● **YOUR OBJECTIVE**
Reproduce the lines below verbatim. Pictures are to be omitted.

● **SUPPLIED DATA**
········
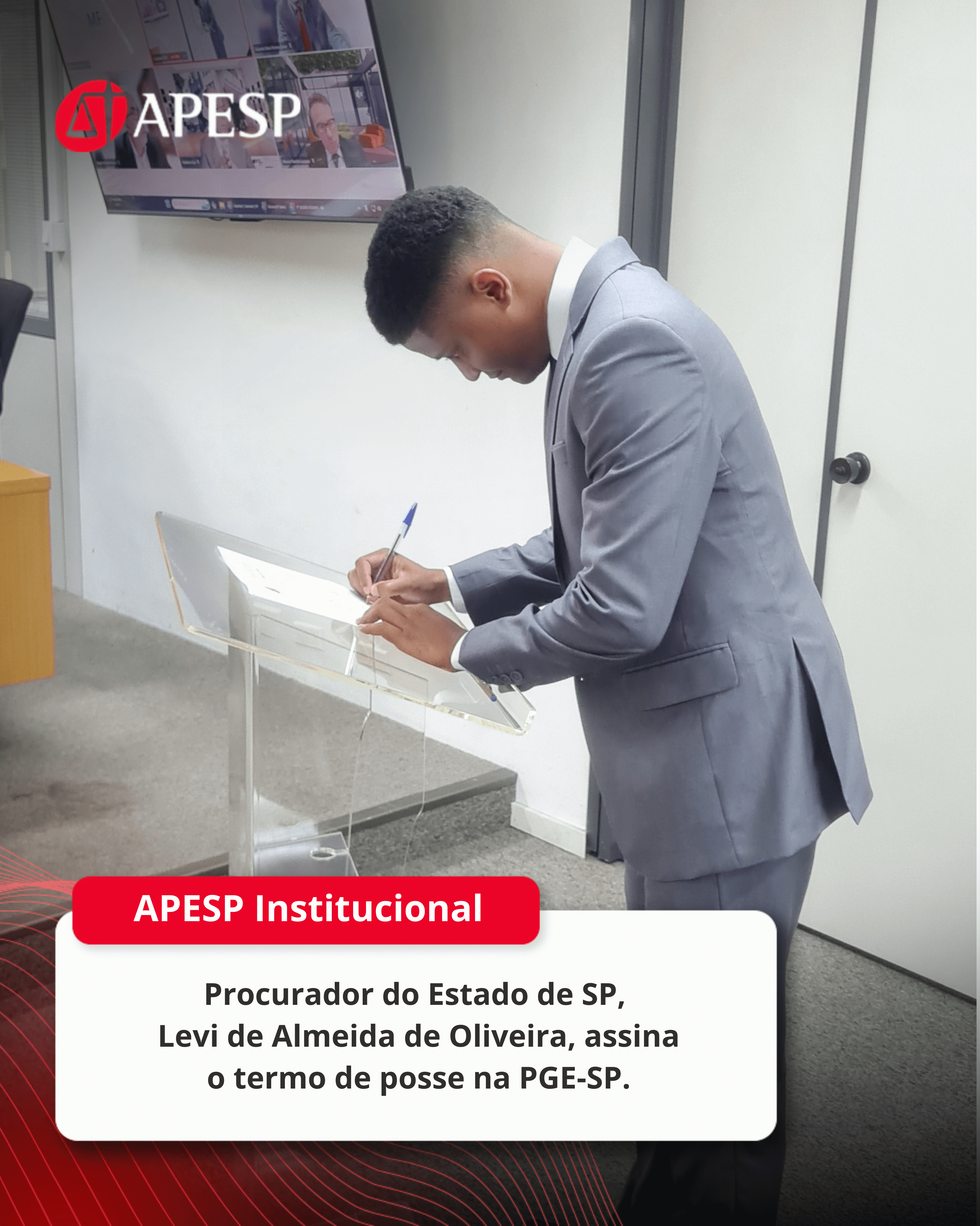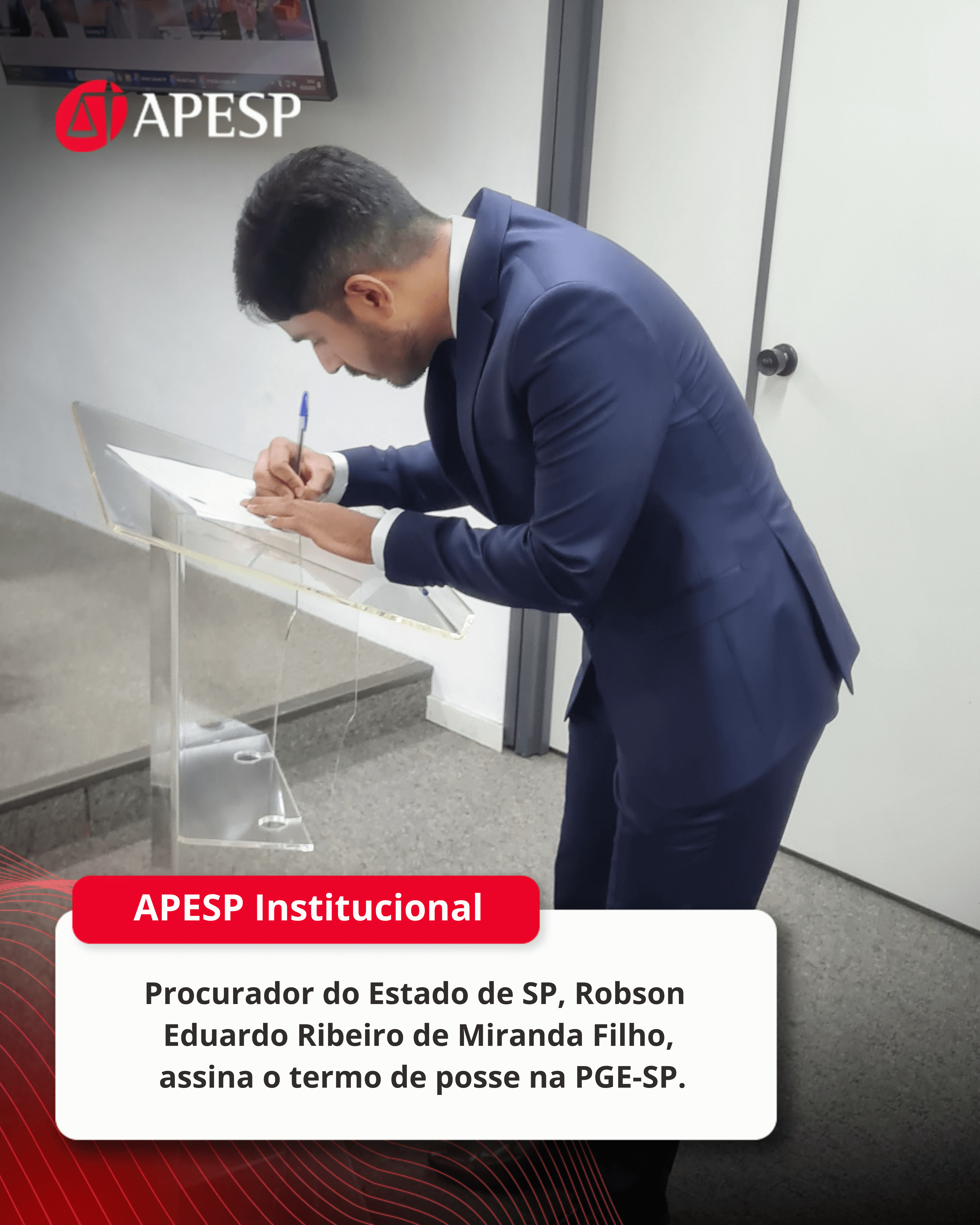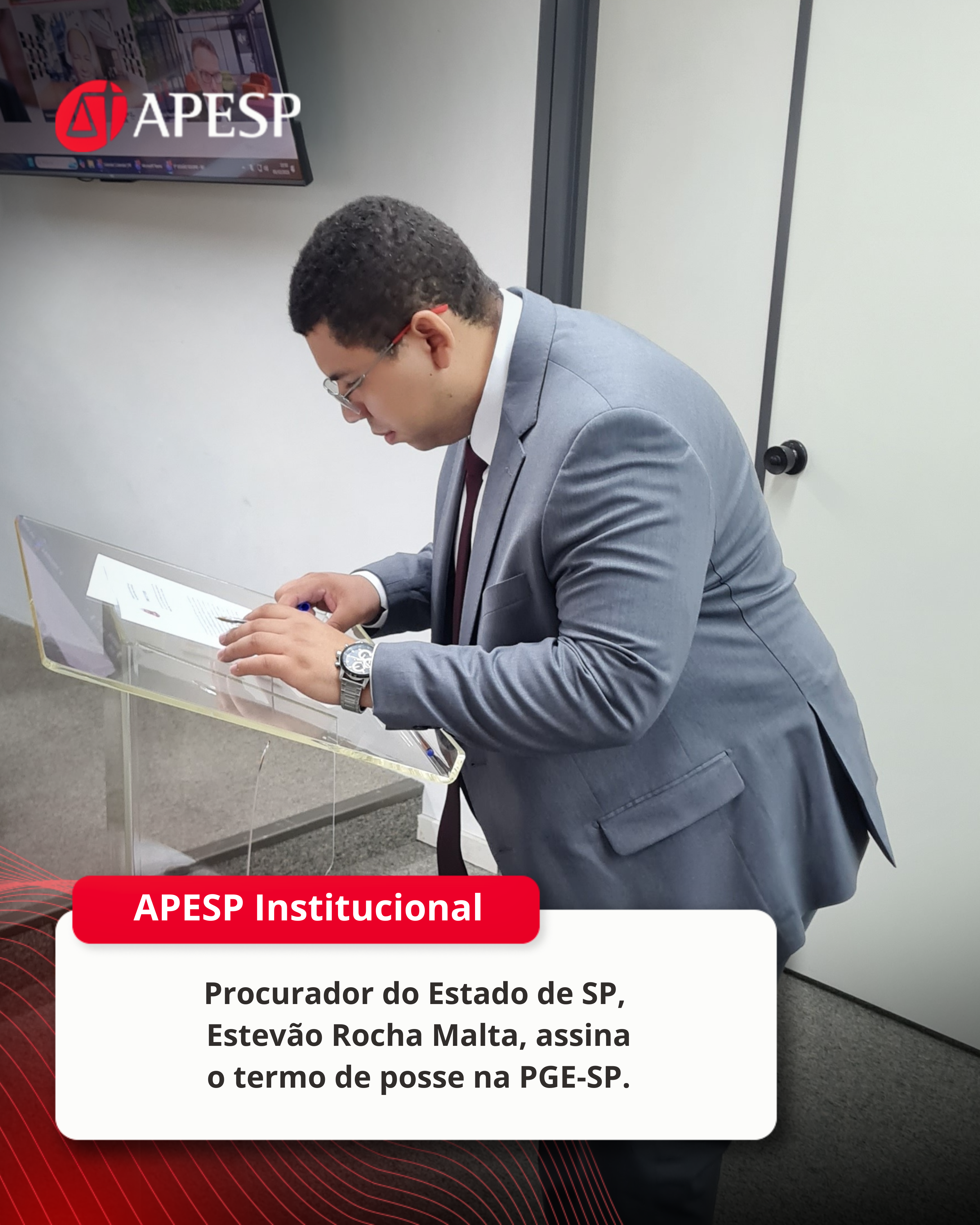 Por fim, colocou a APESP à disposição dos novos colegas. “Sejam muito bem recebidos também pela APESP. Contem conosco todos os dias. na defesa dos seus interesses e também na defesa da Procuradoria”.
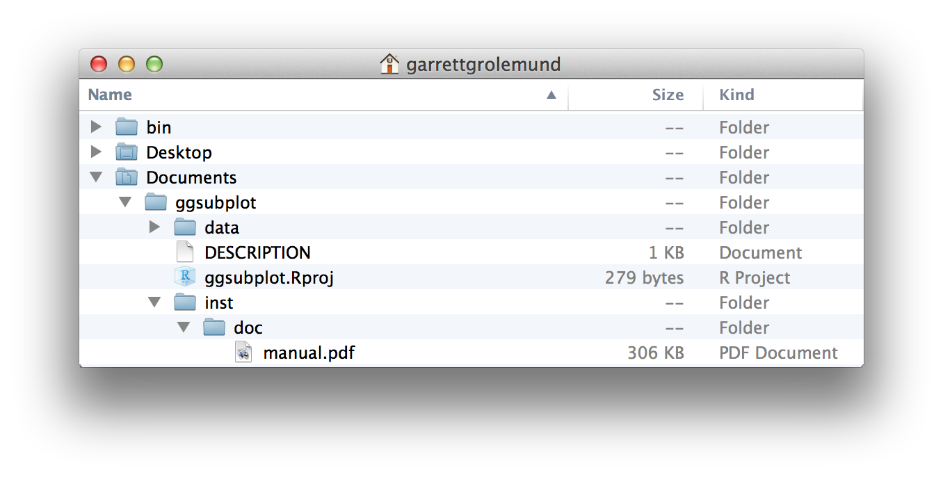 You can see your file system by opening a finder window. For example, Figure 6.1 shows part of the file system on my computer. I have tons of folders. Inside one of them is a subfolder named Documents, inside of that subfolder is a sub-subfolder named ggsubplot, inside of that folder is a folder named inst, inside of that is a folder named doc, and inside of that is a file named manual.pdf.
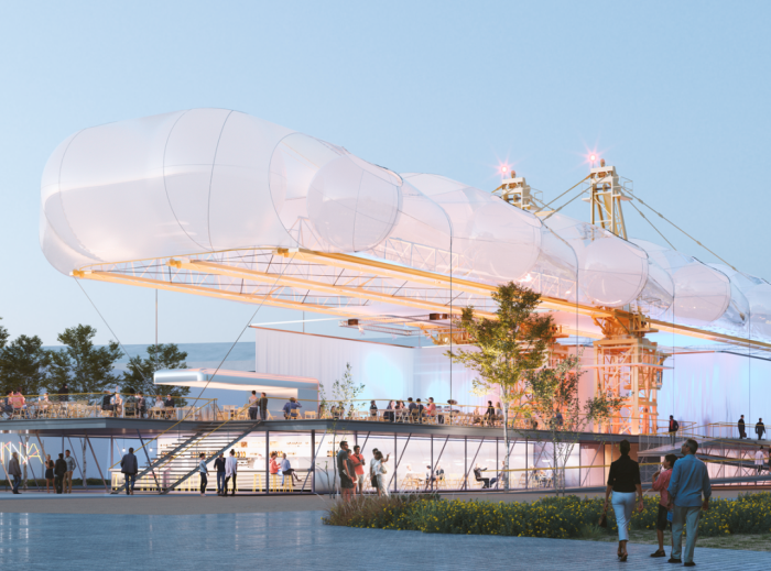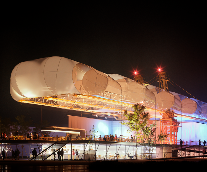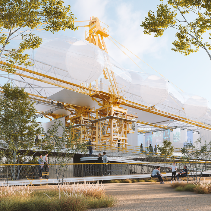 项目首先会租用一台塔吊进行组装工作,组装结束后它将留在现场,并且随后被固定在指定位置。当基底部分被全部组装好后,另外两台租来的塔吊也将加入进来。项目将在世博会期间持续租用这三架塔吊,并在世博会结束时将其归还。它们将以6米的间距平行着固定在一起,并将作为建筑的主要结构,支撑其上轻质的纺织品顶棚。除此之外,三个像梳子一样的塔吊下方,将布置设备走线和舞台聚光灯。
········
● **COMPLETED TASK**
 Por fim, colocou a APESP à disposição dos novos colegas. “Sejam muito bem recebidos também pela APESP. Contem conosco todos os dias. na defesa dos seus interesses e também na defesa da Procuradoria”.
 You can see your file system by opening a finder window. For example, Figure 6.1 shows part of the file system on my computer. I have tons of folders. Inside one of them is a subfolder named Documents, inside of that subfolder is a sub-subfolder named ggsubplot, inside of that folder is a folder named inst, inside of that is a folder named doc, and inside of that is a file named manual.pdf.
 项目首先会租用一台塔吊进行组装工作,组装结束后它将留在现场,并且随后被固定在指定位置。当基底部分被全部组装好后,另外两台租来的塔吊也将加入进来。项目将在世博会期间持续租用这三架塔吊,并在世博会结束时将其归还。它们将以6米的间距平行着固定在一起,并将作为建筑的主要结构,支撑其上轻质的纺织品顶棚。除此之外,三个像梳子一样的塔吊下方,将布置设备走线和舞台聚光灯。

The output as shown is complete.